→ ABOUT THIS TASK: Of the entries below, restate word for word only the section that runs from the line with "El siguen paso" to the line with "Jakarta, Badan Pengawas", counting both ends.

→ DATA SUPPLIED:
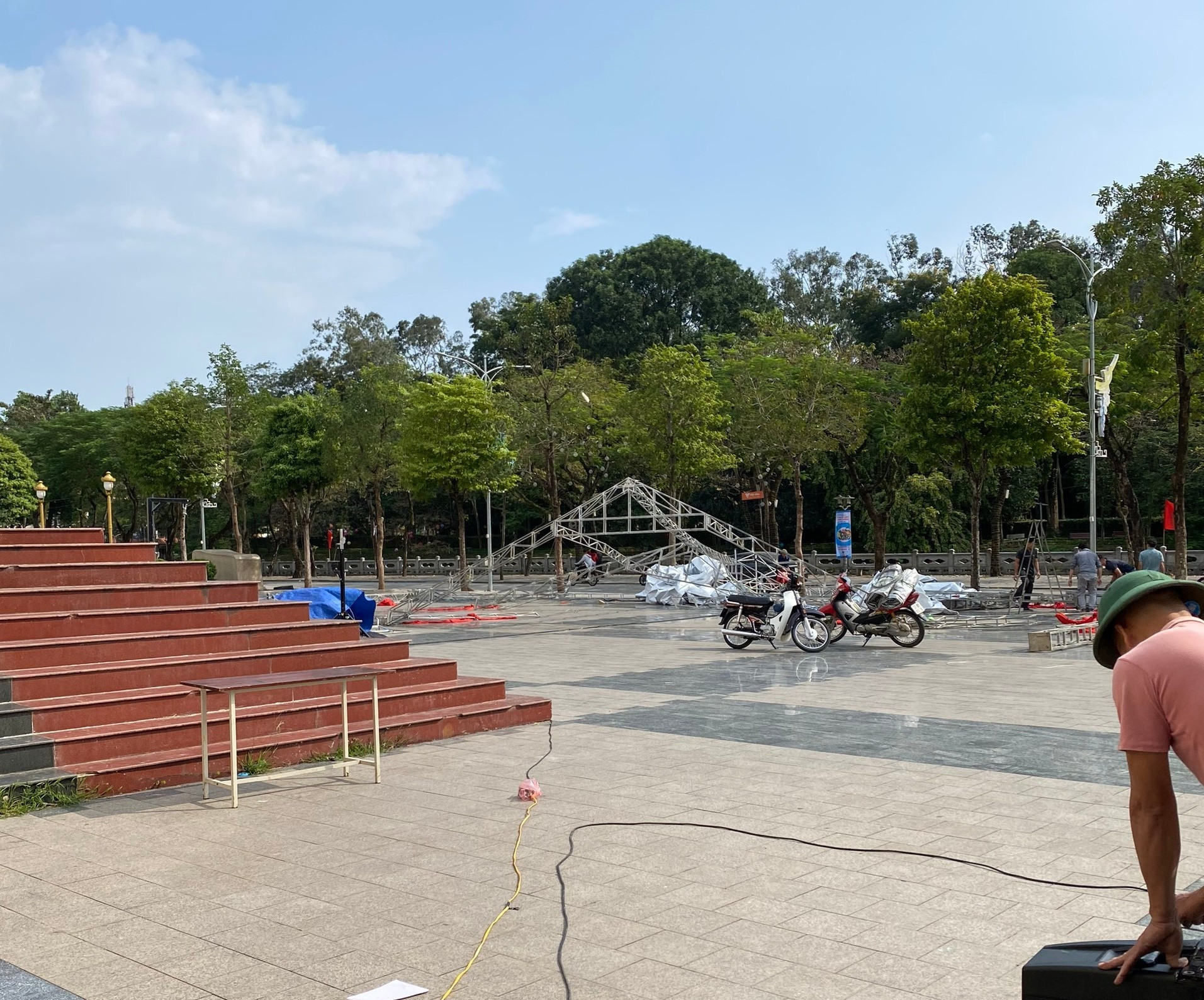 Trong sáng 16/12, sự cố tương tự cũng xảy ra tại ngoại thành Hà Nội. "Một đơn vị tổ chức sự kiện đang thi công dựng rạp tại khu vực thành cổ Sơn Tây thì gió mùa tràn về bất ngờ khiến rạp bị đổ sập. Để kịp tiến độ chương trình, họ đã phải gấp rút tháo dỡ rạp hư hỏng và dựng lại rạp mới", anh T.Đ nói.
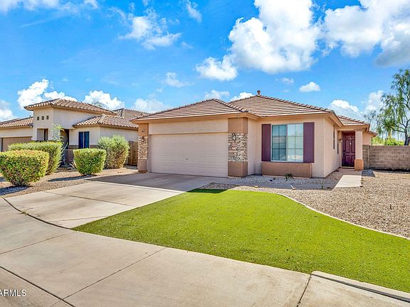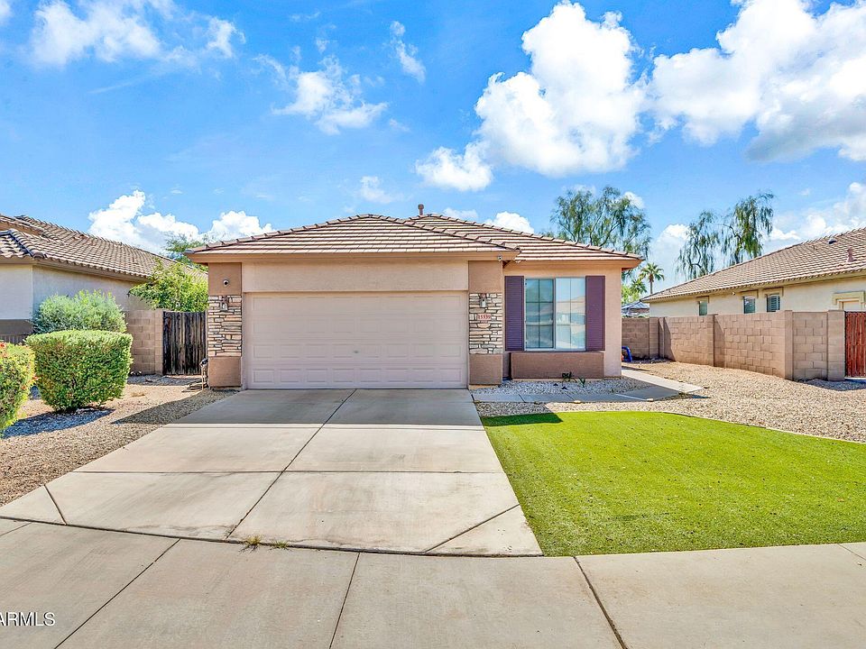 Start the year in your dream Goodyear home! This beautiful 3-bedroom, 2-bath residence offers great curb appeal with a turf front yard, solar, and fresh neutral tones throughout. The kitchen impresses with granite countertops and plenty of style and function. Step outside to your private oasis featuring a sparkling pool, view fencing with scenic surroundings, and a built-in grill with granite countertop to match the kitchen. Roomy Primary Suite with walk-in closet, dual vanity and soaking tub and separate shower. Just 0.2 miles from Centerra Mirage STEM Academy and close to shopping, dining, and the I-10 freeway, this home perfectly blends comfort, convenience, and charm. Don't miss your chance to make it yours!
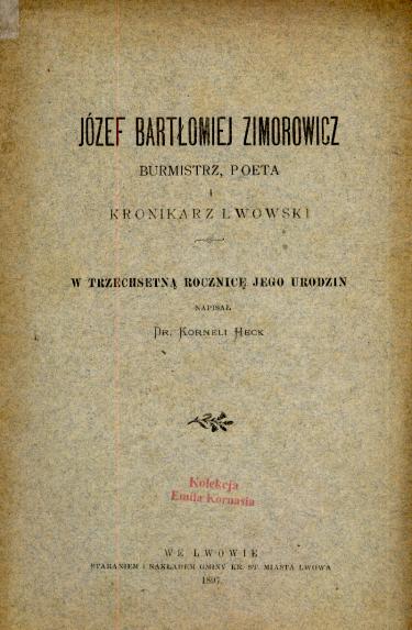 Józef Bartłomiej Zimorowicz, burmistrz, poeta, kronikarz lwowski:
* * *
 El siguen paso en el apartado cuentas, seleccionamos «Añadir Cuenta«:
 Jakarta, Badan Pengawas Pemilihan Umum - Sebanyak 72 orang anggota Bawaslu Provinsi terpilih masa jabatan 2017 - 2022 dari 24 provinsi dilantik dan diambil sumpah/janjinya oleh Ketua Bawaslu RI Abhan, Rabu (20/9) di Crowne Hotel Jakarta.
...
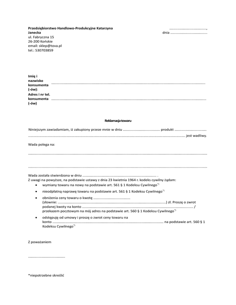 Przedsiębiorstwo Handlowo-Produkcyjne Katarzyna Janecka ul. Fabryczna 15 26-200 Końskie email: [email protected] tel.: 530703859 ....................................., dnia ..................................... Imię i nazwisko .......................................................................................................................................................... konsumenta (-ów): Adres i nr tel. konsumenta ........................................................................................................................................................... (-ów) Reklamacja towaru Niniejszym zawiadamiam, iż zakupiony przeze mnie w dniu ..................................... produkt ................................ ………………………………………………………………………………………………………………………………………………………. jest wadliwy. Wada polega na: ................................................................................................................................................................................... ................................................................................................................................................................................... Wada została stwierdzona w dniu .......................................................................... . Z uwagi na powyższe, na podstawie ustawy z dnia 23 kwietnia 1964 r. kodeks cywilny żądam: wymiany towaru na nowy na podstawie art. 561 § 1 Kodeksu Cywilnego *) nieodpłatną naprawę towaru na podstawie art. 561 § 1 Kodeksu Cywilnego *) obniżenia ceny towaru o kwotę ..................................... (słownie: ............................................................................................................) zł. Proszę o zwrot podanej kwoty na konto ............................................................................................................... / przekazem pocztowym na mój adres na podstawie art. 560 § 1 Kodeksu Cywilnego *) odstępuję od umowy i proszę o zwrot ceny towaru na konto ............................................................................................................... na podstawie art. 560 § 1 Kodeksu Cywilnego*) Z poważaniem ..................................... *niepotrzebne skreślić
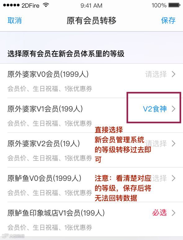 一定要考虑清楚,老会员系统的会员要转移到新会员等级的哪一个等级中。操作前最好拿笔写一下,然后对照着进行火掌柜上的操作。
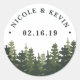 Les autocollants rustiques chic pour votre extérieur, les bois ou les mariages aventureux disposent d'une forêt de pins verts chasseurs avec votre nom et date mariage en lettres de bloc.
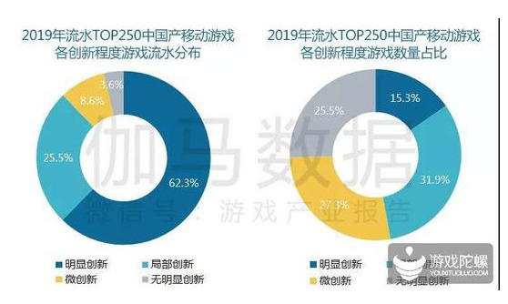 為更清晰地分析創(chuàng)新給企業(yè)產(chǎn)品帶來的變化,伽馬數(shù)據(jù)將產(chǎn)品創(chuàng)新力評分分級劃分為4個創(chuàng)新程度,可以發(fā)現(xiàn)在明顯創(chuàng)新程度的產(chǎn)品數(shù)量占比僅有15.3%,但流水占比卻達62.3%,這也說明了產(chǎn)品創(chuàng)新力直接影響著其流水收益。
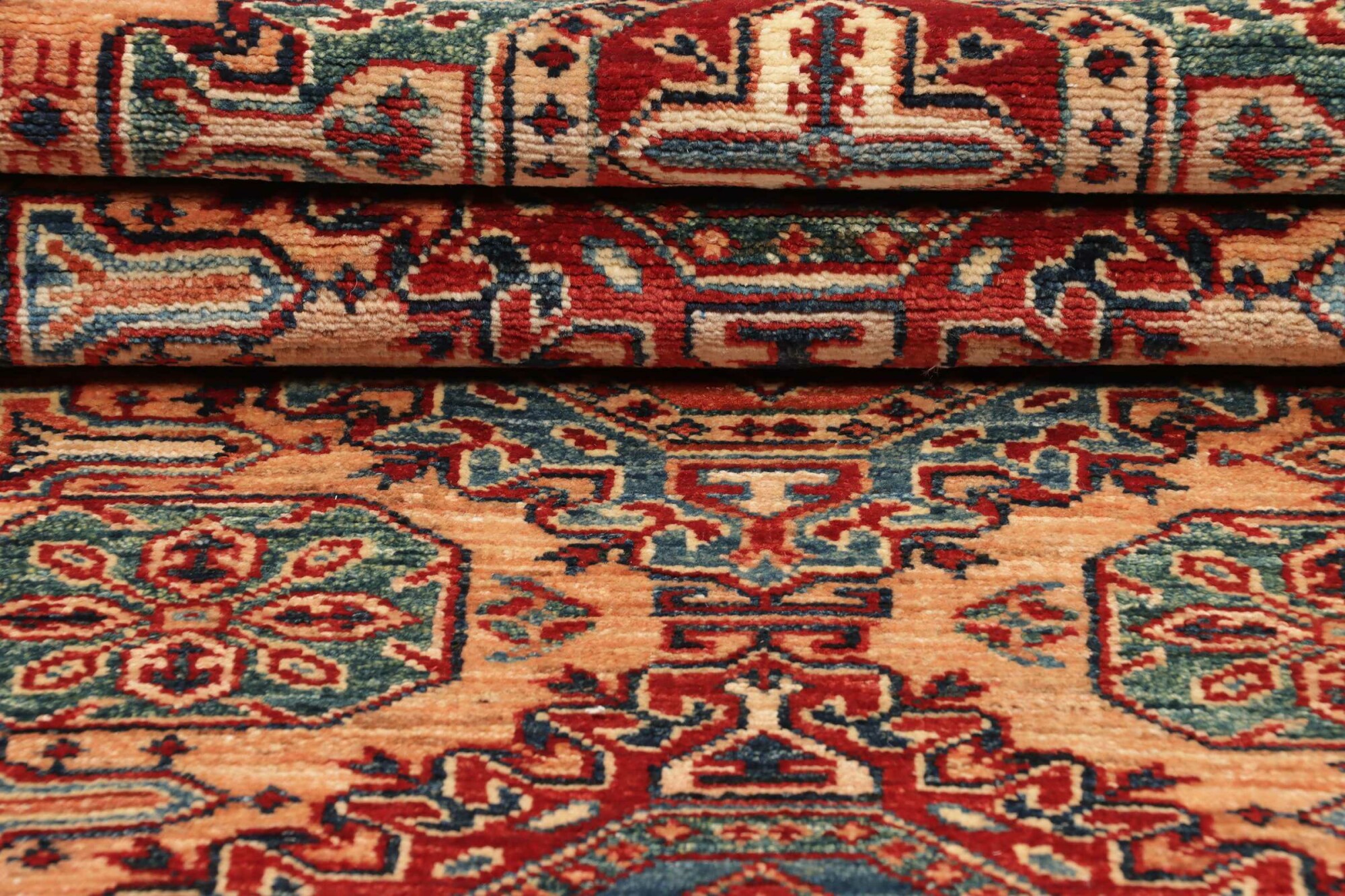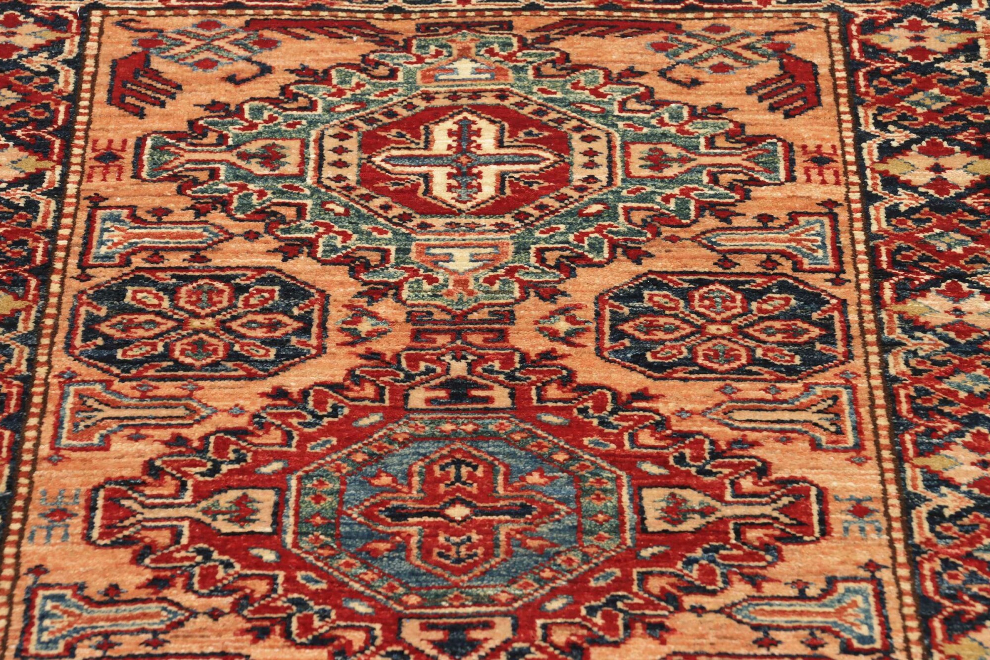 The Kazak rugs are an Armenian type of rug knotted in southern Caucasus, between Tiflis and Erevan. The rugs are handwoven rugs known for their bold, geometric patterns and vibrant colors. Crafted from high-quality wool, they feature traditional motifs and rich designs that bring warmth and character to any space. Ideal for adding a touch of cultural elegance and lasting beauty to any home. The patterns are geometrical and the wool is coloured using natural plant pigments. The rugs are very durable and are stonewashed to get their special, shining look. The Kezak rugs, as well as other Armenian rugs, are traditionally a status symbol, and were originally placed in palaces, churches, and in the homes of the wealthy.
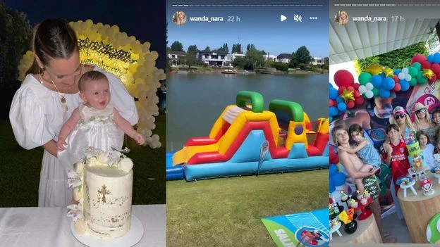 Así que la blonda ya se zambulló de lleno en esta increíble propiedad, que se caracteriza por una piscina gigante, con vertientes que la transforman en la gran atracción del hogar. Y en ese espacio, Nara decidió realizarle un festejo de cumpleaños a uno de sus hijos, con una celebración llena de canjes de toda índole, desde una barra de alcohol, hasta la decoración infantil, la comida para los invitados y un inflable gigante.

→ RESPONSE AREA:
 El siguen paso en el apartado cuentas, seleccionamos «Añadir Cuenta«:
 Jakarta, Badan Pengawas Pemilihan Umum - Sebanyak 72 orang anggota Bawaslu Provinsi terpilih masa jabatan 2017 - 2022 dari 24 provinsi dilantik dan diambil sumpah/janjinya oleh Ketua Bawaslu RI Abhan, Rabu (20/9) di Crowne Hotel Jakarta.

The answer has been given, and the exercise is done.